▶ **What is needed**:
Apart from the images, every record here needs to be copied exactly.

▶ **Study material**:
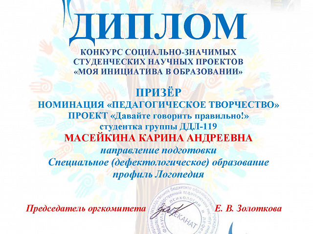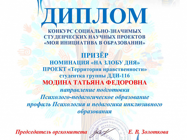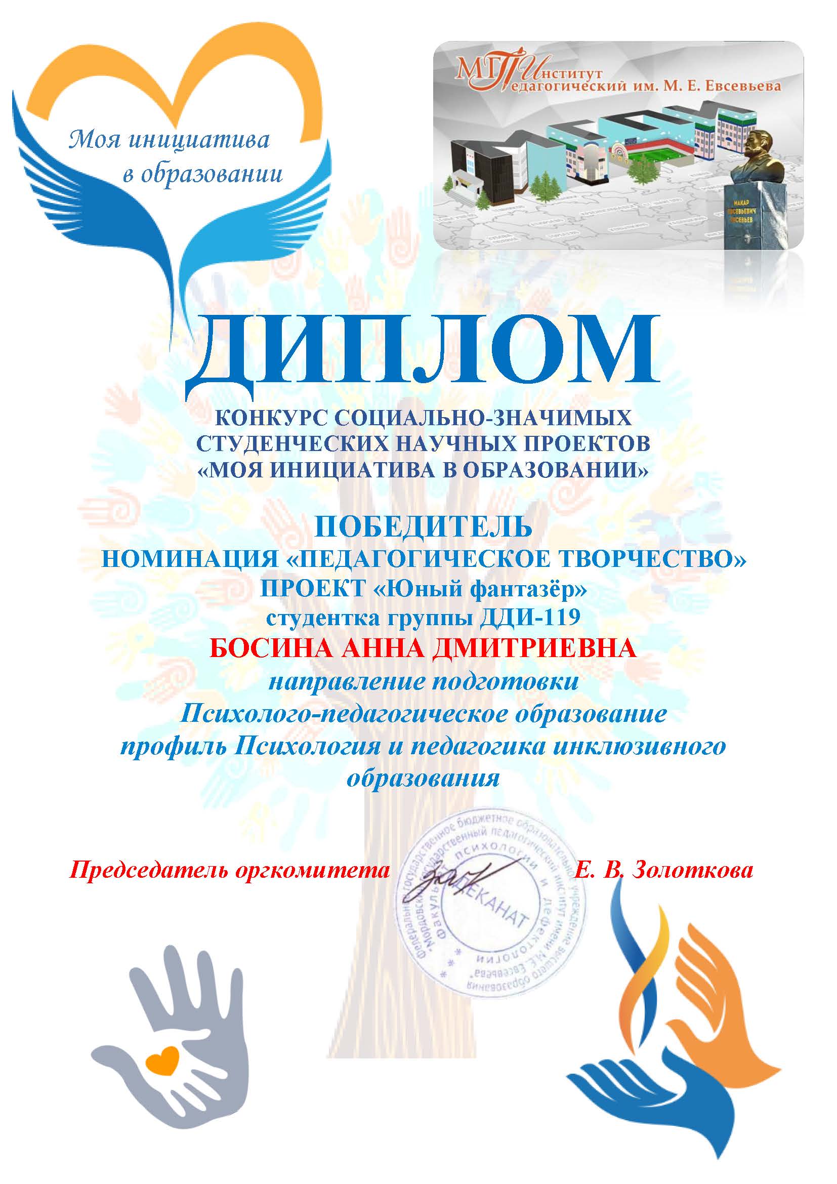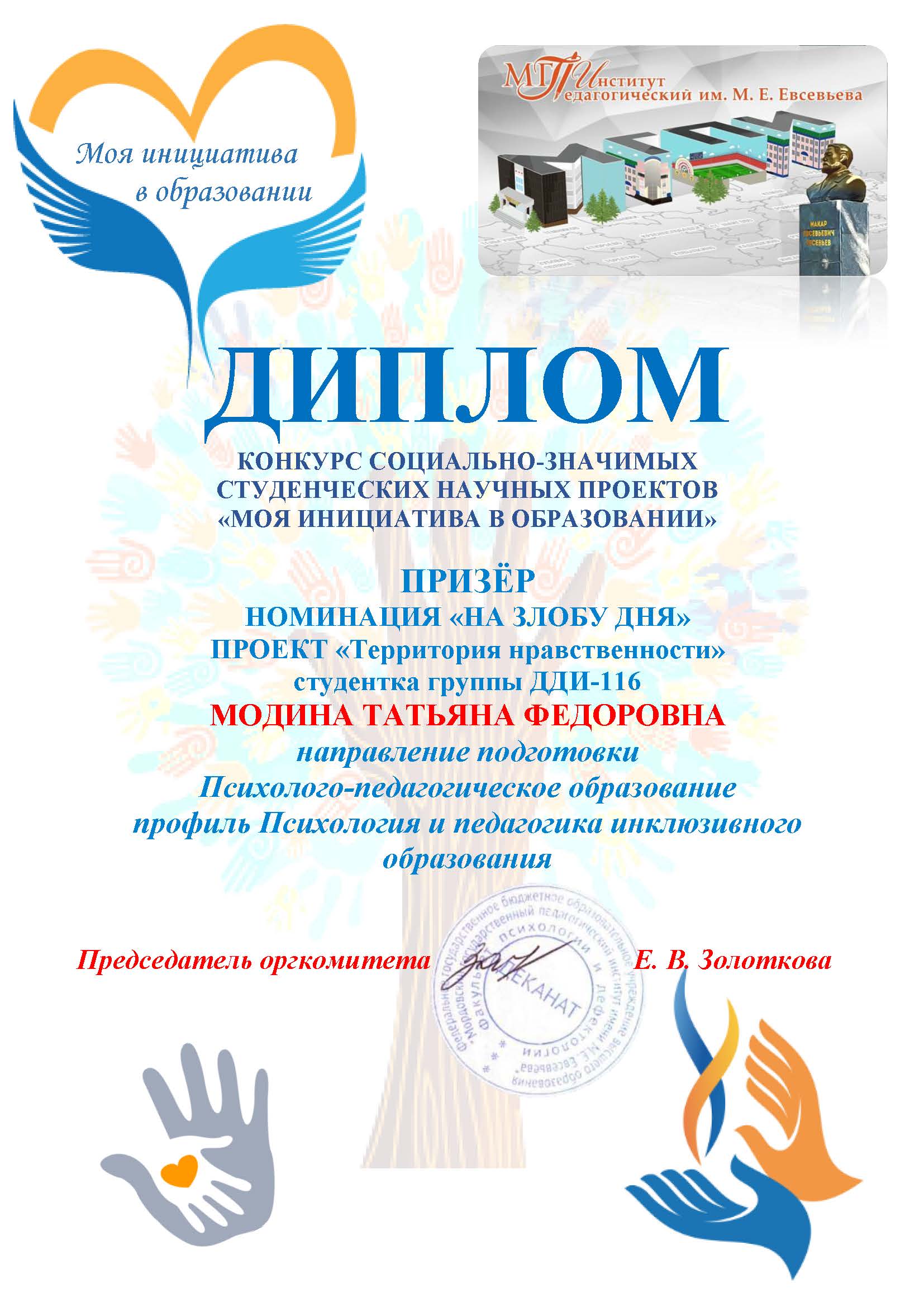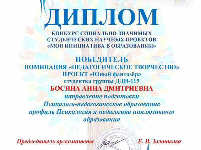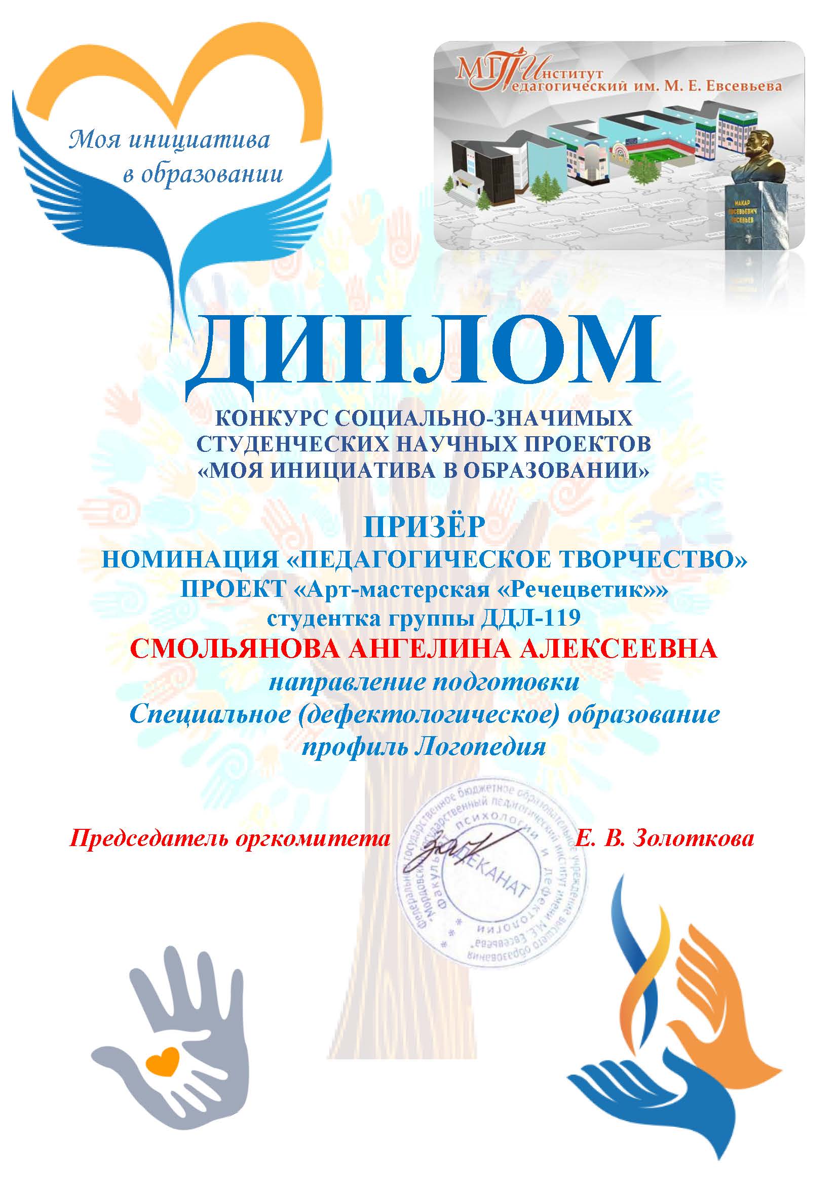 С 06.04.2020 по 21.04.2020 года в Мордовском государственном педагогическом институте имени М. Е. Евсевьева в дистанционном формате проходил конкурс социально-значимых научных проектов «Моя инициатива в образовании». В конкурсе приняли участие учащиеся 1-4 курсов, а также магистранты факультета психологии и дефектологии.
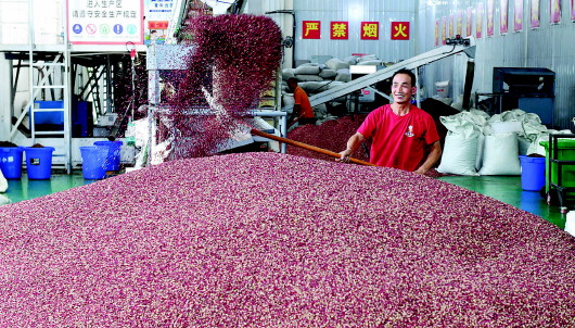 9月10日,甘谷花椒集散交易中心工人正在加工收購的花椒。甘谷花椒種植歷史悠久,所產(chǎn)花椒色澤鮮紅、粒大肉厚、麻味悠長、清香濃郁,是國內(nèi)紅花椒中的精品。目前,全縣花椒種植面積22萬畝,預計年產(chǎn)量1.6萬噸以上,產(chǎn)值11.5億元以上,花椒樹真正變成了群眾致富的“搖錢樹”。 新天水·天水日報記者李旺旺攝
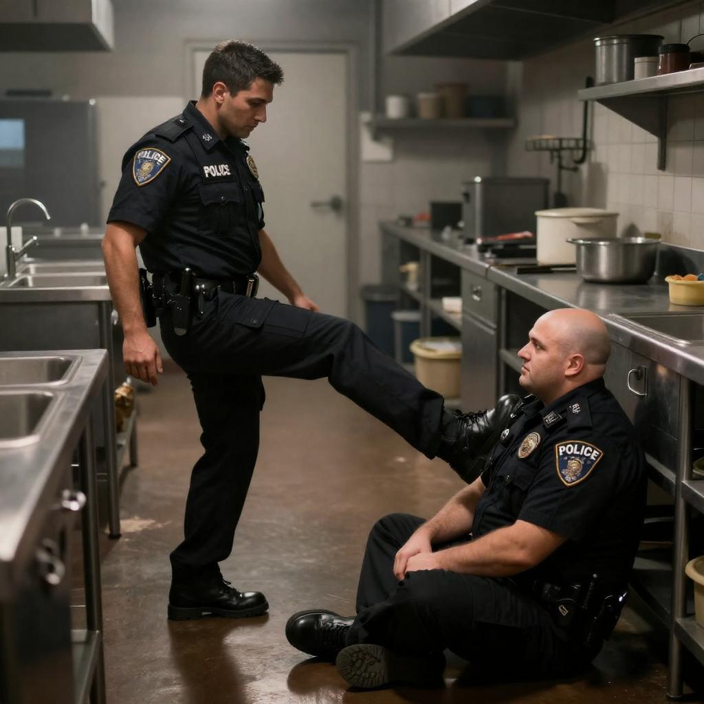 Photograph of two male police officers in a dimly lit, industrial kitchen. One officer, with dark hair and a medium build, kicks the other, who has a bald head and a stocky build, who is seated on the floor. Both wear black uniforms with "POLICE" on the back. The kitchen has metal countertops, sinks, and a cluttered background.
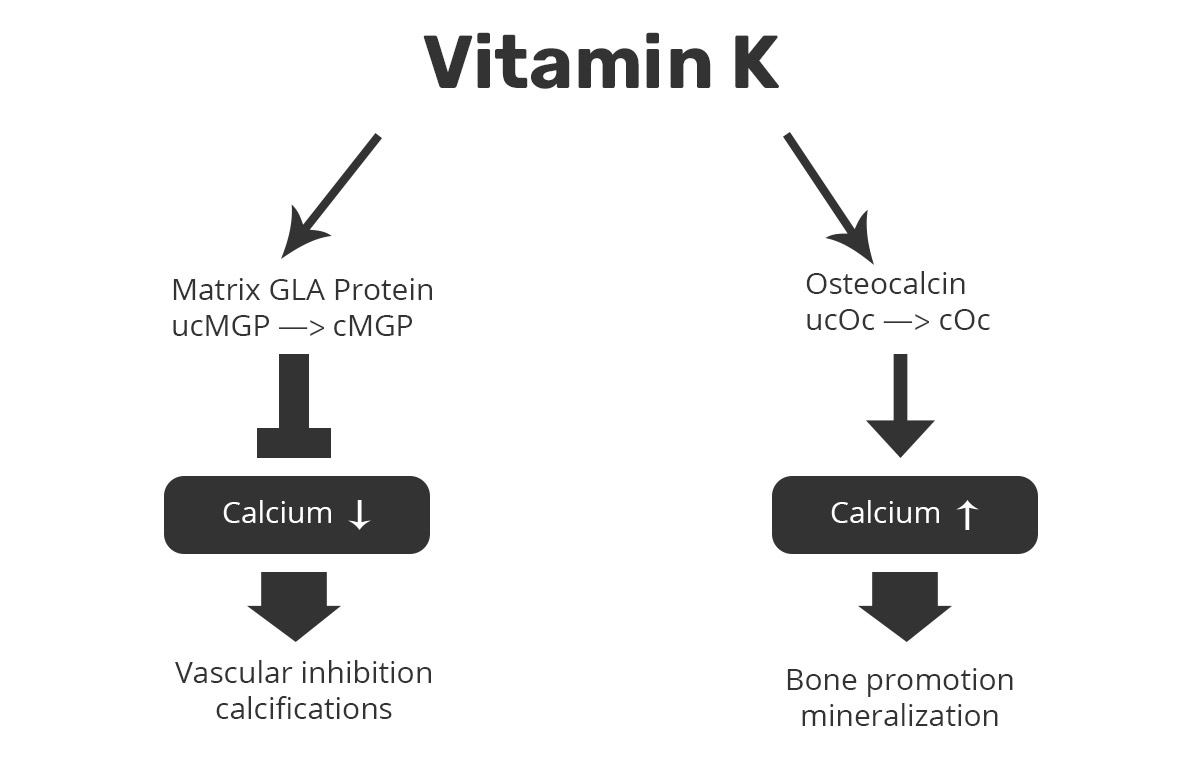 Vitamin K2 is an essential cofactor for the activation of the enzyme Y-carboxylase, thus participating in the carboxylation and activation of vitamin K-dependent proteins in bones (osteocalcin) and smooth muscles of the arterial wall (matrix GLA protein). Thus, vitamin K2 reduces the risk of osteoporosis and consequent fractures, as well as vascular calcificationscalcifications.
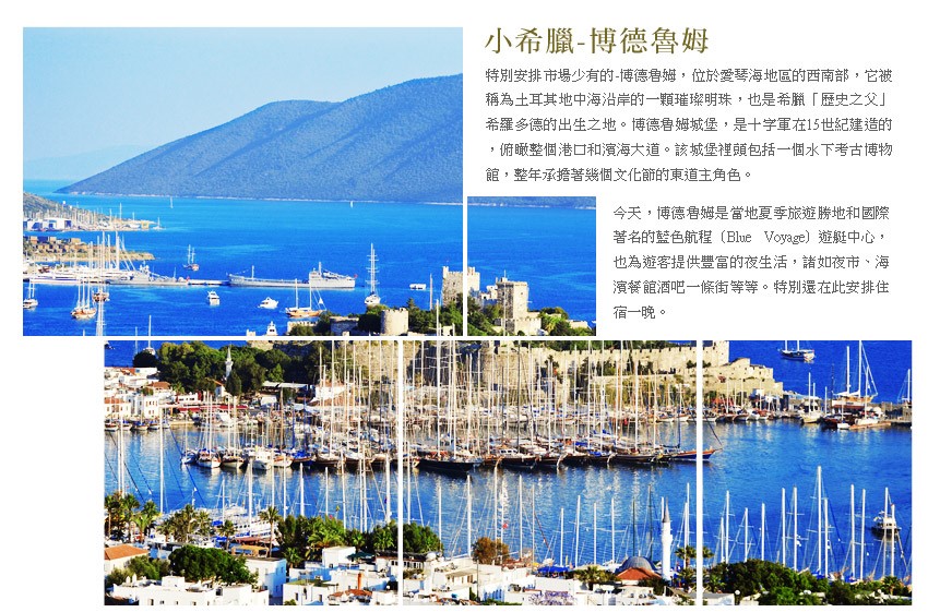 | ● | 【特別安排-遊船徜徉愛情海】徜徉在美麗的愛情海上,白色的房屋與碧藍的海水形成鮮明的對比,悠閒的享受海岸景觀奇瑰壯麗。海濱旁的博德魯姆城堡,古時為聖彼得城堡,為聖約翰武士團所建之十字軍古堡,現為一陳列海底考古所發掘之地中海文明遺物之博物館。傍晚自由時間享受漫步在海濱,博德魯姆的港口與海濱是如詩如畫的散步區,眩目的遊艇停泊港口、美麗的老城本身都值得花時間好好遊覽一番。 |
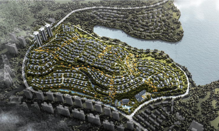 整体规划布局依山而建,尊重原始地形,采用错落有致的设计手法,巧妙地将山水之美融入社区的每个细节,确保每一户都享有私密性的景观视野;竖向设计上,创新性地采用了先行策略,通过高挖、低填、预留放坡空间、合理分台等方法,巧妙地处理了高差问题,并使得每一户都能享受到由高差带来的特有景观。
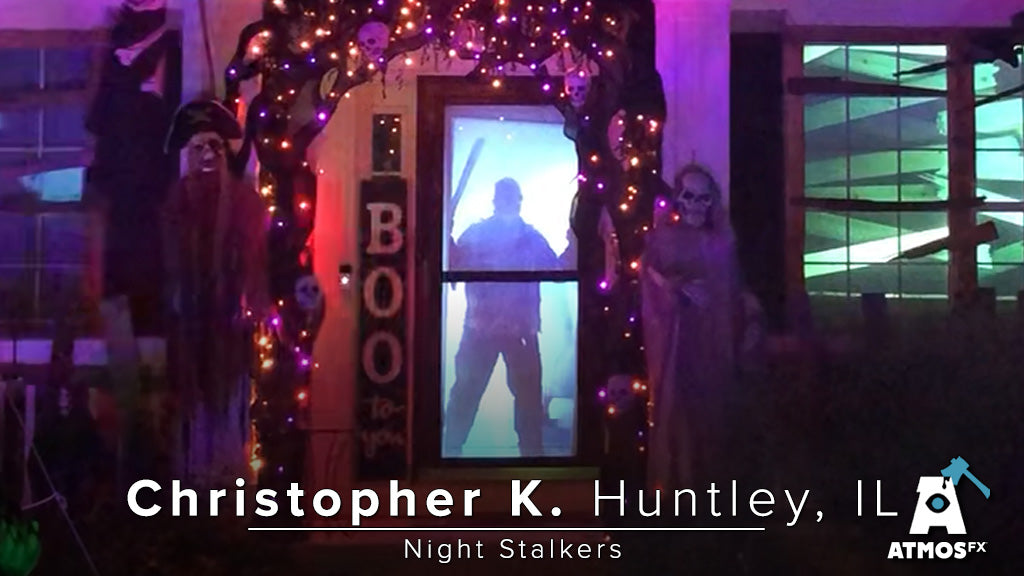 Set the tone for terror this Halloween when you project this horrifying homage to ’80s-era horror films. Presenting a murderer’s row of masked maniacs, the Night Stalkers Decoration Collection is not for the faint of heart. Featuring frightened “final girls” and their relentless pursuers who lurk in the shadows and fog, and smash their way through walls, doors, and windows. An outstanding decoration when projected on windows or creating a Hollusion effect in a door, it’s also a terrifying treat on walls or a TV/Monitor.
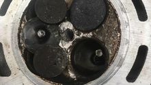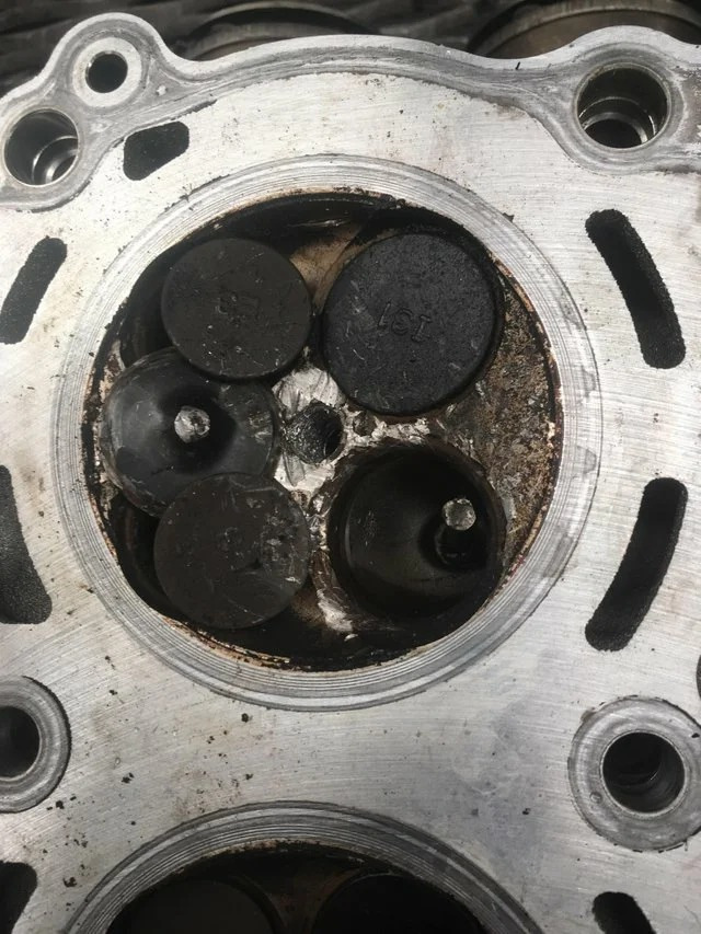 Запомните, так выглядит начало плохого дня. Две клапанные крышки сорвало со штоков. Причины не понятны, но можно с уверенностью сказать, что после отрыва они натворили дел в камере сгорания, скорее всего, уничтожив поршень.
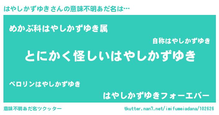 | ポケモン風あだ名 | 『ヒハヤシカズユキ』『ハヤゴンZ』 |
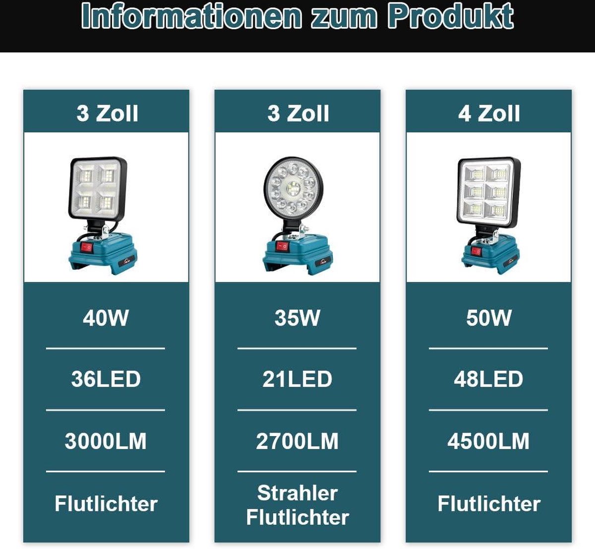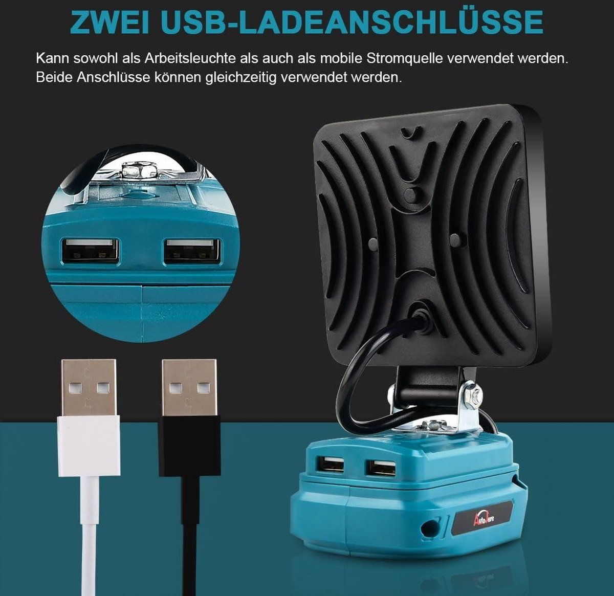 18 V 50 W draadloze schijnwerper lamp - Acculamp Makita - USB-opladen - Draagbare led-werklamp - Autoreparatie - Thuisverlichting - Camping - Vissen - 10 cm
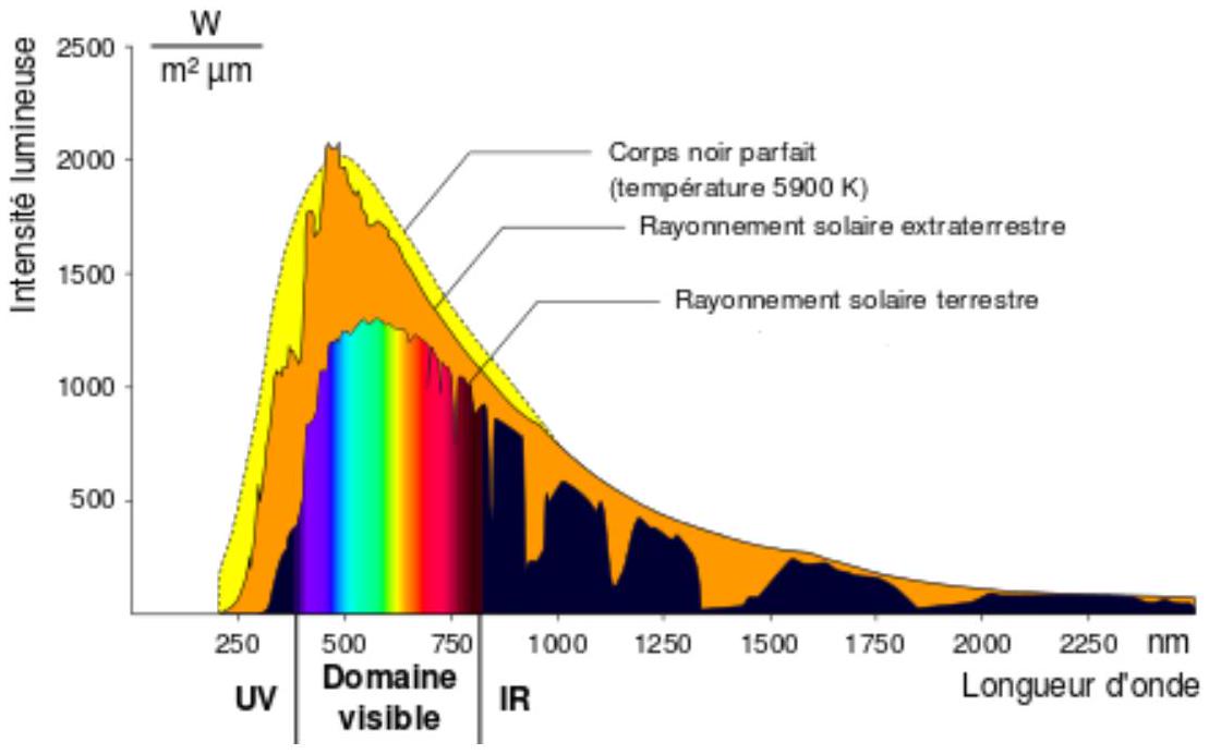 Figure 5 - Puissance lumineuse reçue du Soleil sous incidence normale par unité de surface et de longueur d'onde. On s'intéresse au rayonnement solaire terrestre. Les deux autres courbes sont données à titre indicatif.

▶ **Response below**:
 С 06.04.2020 по 21.04.2020 года в Мордовском государственном педагогическом институте имени М. Е. Евсевьева в дистанционном формате проходил конкурс социально-значимых научных проектов «Моя инициатива в образовании». В конкурсе приняли участие учащиеся 1-4 курсов, а также магистранты факультета психологии и дефектологии.
 9月10日,甘谷花椒集散交易中心工人正在加工收購的花椒。甘谷花椒種植歷史悠久,所產(chǎn)花椒色澤鮮紅、粒大肉厚、麻味悠長、清香濃郁,是國內(nèi)紅花椒中的精品。目前,全縣花椒種植面積22萬畝,預計年產(chǎn)量1.6萬噸以上,產(chǎn)值11.5億元以上,花椒樹真正變成了群眾致富的“搖錢樹”。 新天水·天水日報記者李旺旺攝
 Photograph of two male police officers in a dimly lit, industrial kitchen. One officer, with dark hair and a medium build, kicks the other, who has a bald head and a stocky build, who is seated on the floor. Both wear black uniforms with "POLICE" on the back. The kitchen has metal countertops, sinks, and a cluttered background.
 Vitamin K2 is an essential cofactor for the activation of the enzyme Y-carboxylase, thus participating in the carboxylation and activation of vitamin K-dependent proteins in bones (osteocalcin) and smooth muscles of the arterial wall (matrix GLA protein). Thus, vitamin K2 reduces the risk of osteoporosis and consequent fractures, as well as vascular calcificationscalcifications.
 | ● | 【特別安排-遊船徜徉愛情海】徜徉在美麗的愛情海上,白色的房屋與碧藍的海水形成鮮明的對比,悠閒的享受海岸景觀奇瑰壯麗。海濱旁的博德魯姆城堡,古時為聖彼得城堡,為聖約翰武士團所建之十字軍古堡,現為一陳列海底考古所發掘之地中海文明遺物之博物館。傍晚自由時間享受漫步在海濱,博德魯姆的港口與海濱是如詩如畫的散步區,眩目的遊艇停泊港口、美麗的老城本身都值得花時間好好遊覽一番。 |
 整体规划布局依山而建,尊重原始地形,采用错落有致的设计手法,巧妙地将山水之美融入社区的每个细节,确保每一户都享有私密性的景观视野;竖向设计上,创新性地采用了先行策略,通过高挖、低填、预留放坡空间、合理分台等方法,巧妙地处理了高差问题,并使得每一户都能享受到由高差带来的特有景观。
 Set the tone for terror this Halloween when you project this horrifying homage to ’80s-era horror films. Presenting a murderer’s row of masked maniacs, the Night Stalkers Decoration Collection is not for the faint of heart. Featuring frightened “final girls” and their relentless pursuers who lurk in the shadows and fog, and smash their way through walls, doors, and windows. An outstanding decoration when projected on windows or creating a Hollusion effect in a door, it’s also a terrifying treat on walls or a TV/Monitor.
 Запомните, так выглядит начало плохого дня. Две клапанные крышки сорвало со штоков. Причины не понятны, но можно с уверенностью сказать, что после отрыва они натворили дел в камере сгорания, скорее всего, уничтожив поршень.
 | ポケモン風あだ名 | 『ヒハヤシカズユキ』『ハヤゴンZ』 |
 18 V 50 W draadloze schijnwerper lamp - Acculamp Makita - USB-opladen - Draagbare led-werklamp - Autoreparatie - Thuisverlichting - Camping - Vissen - 10 cm
 Figure 5 - Puissance lumineuse reçue du Soleil sous incidence normale par unité de surface et de longueur d'onde. On s'intéresse au rayonnement solaire terrestre. Les deux autres courbes sont données à titre indicatif.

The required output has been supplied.